Zbigniew Ziobro dzwonił już do Jarosława Kaczyńskiego i próbował załagodzić spór?

– Nic mi o takiej rozmowie obu panów nie wiadomo.

– Do kogo z koalicjantów macie większe pretensje i kto bardziej jest dziś na wylocie? Solidarna Polska czy Porozumienie? Czy obie partie podpadły w równym stopniu i dla nikogo litości nie będzie?

– Nie jest to kwestia tego, czy ktoś podpadł, nie jest to kwestia litości. Po prostu, jeśli w polityce chce się wspólnie działać, to pewna zgoda na największym poziomie ogólności, również w kwestiach aksjologicznych czy moralnych, musi istnieć. Ale podkreślmy, że kwestia rozejścia się naszych dróg nie wynika z głosowania nad ustawą o ochronie zwierząt. Nie wynika też, jak próbują twierdzić koledzy z Solidarnej Polski, z zapisów ustawy covidowej. To był może tylko katalizator.
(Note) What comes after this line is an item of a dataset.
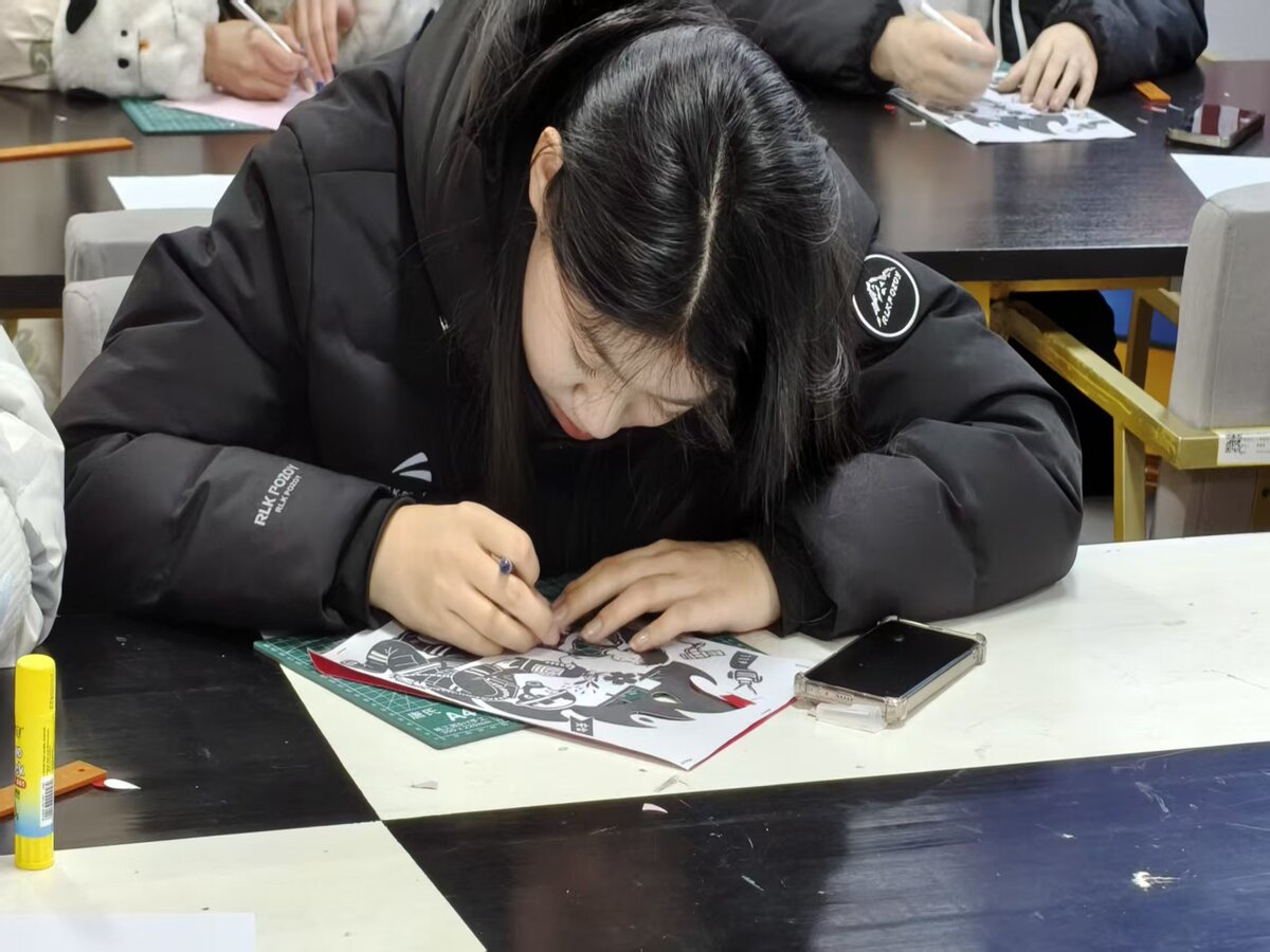 创作过程中,同学们相互切磋剪纸技艺、分享“安全+非遗”的设计思路,遇到创作难题时主动向志愿者请教,现场呈现出互助协作、积极向上的良好氛围,每一张剪纸作品都成为非遗文化与安全科普共生的生动注脚。

– I chyba test wierności, który koalicjanci oblali.

– To nie żaden test. To był jeden z tematów, który jest w programie PiS od zawsze i nie było to dla nikogo żadnym zaskoczeniem. Niezrozumiała jest sytuacja, gdy któryś z partnerów koalicyjnych de facto chce prawa negocjacji każdego projektu na nowo – nie tak działają koalicje. Nie da się ukryć, że sytuacja narastała od jakiegoś czasu, ta kwestia tylko pokazała, że mamy chyba pewien rozłam na poziomie moralności. A to zdecydowanie utrudnia funkcjonowanie koalicji.

– A więc to kwestie moralne, a nie kwestia posłuchu, zdecydowały o tej kłótni? Ciekawe.

– To dla nas niezwykle ważne kwestie, których nie zamierzamy negocjować.

– Wy tu o kwestiach moralnych. Koalicjanci chyba też. Solidarna Polska szantażowała was wczoraj na konferencji prasowej, że jak zdymisjonujecie Zbigniewa Ziobrę, to jest to działanie na rzecz PO i, uwaga, środowisk LGBT. Co wy na takie dictum?

– Są w Polsce rzeczy dużo ważniejsze niż to, kto personalnie pełni funkcję ministra sprawiedliwości. Chciałbym, żeby koledzy z Solidarnej Polski o tym pamiętali. Inna sprawa, że opowieści polityków Solidarnej Polski o prezentach dla PO to jakieś kuriozum w sytuacji, kiedy środowisko pana Ziobry bardzo łatwo przeszło na pozycje naszych politycznych oponentów i atakuje nas dokładnie w ten sam sposób.

– Powiedzmy, że koalicjanci postanowią się ukorzyć, ale pewnie i tak zechcecie ich ukarać. W jaki sposób? Zabierzecie im stanowiska w instytucjach państwa czy wpływ na obsadzanie stanowisk w spółkach Skarbu Państwa?

– Powtórzę tylko jedno: wszystkie decyzje co do dalszych losów i formuły koalicyjnej będzie podejmować kierownictwo partii.